FDJ hails post-lockdown recovery despite H1 revenue decline

30 July 2020

La Française des Jeux (FDJ) said a strong performance after France emerged from its novel coronavirus (Covid-19) lockdown has reduced a decline in revenue for the first half of the operator’s financial year.

The operator saw amounts wagered over the six months to 30 June fall 18.4% year-on-year to €6.90bn (£6.25bn/$8.11bn). Revenue for the period was down 10.1% at €849m.

It noted that until France went into lockdown on 16 March, stakes had been up 5% year-on-year, before dropping 60% over next two months.

However, since the French government began lifting the lockdown from 11 May, FDJ said it began to see a gradual recovery. This was then accelerated with the resumption of sporting competitions and the resumption of its Amigo lottery game on 8 June.

As such, the H1 stakes decline was significantly reduced, and stakes returned to 2019 levels by mid-June.

Lottery games still accounted for the majority of stakes despite its contribution falling 12.6% to €5.78bn, of which €3.56bn came from instant win games (down 11.3%). Draw-based games, meanwhile, saw stakes fall 14.6% to €2.22bn. If Amigo’s contribution was removed from stakes, draw-based sales would have only declined 1.7%.

For sports betting - for which figures were adjusted to reflect the contribution from Sporting Group, acquired in June 2019 - stakes were down 38.8% at €1.11bn, in a period where the sporting calendar was almost wiped out by Covid-19. France’s 2019-20 football season was also ended prematurely in April, with no league action to take place until September.

This served to drag down online’s contribution to stakes, which fell 15.8% to €1.39bn, though FDJ noted that online lottery stakes enjoyed strong momentum in the half-year period, rising around 50% to €500m. This was dwarfed by retail stakes, however, which contributed €6.27bn, down 20.8% year-on-year.

Across all verticals and channels, players won €4.65bn, down 19.3% and equating to a payout ratio of 67.3%. After winnings, FDJ’s gross gaming revenue for the six month period was down 15.4% at €2.25bn.

This broke down to GGR of €1.95bn from lottery, down 13.2%, and €298m from sports betting, down 26.1%. B2B sports betting solutions brought in a further €6m.

After duties and fees of €1.43bn, net revenue for H1 fell 14.7% to €829m. This was increased by €20m, thanks to its payments and entertainment businesses, for total half-year revenue of €849m, down 10.1%.

While earnings declined sharply, FDJ noted that a cost-saving plan, to ultimately reduce outgoings by €80m in 2020, helping to keep the operator earning before interest, depreciation and tax margin about 20%, at 20.5%. EBITDA for the period declined 16.4% to €174m.

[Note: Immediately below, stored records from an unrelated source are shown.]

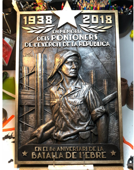
Figura 10: La Placa dels Pontoners de l'Exèrcit Popular ubicada al Castell de Flix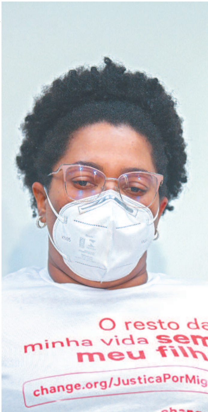
Mãe de menino morto participará de protesto hoje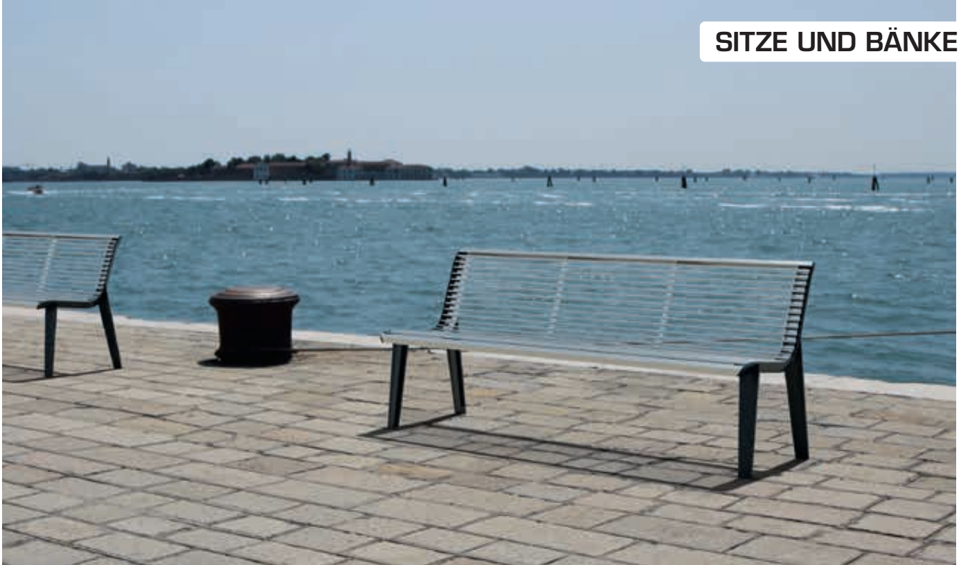
Sitzbank EMAU mit Rückenlehne, Auflage Edelstahl, Unterkonstruktion in RAL 7016 anthrazitgrau (auf Anfrage)

The cost reduction plan helped reduce operating expenses by 12.% to €725m, with the biggest decline seen in cost of sales, which fell 17.6% to €482m. Marketing and communication expenses amounted to €147m, while general and administrative expenses came in at €87m.

After costs, operating profit was down 8.9% to €124m. FDJ also incurred €30.3m in non-recurring expenses, reducing the operating profit to €94m, down 27.2%. After financial expenses of €5.2m, pre-tax profit was down 36.5% at €89m, with net profit for H1 down 47.7% at €50m after income tax of €39m.

“The group’s strong mobilisation from the onset of the health crisis and a swiftly implemented cost-cutting plan have limited the impact on the first-half results,” FDJ chief executive Stéphane Pallez said.

“From mid-June, we have been recording stakes at a level comparable with that of 2019,” she said. “Our strategic orientations and the strength of the FDJ model have been confirmed, and we continue to invest to support the development of all our activities.”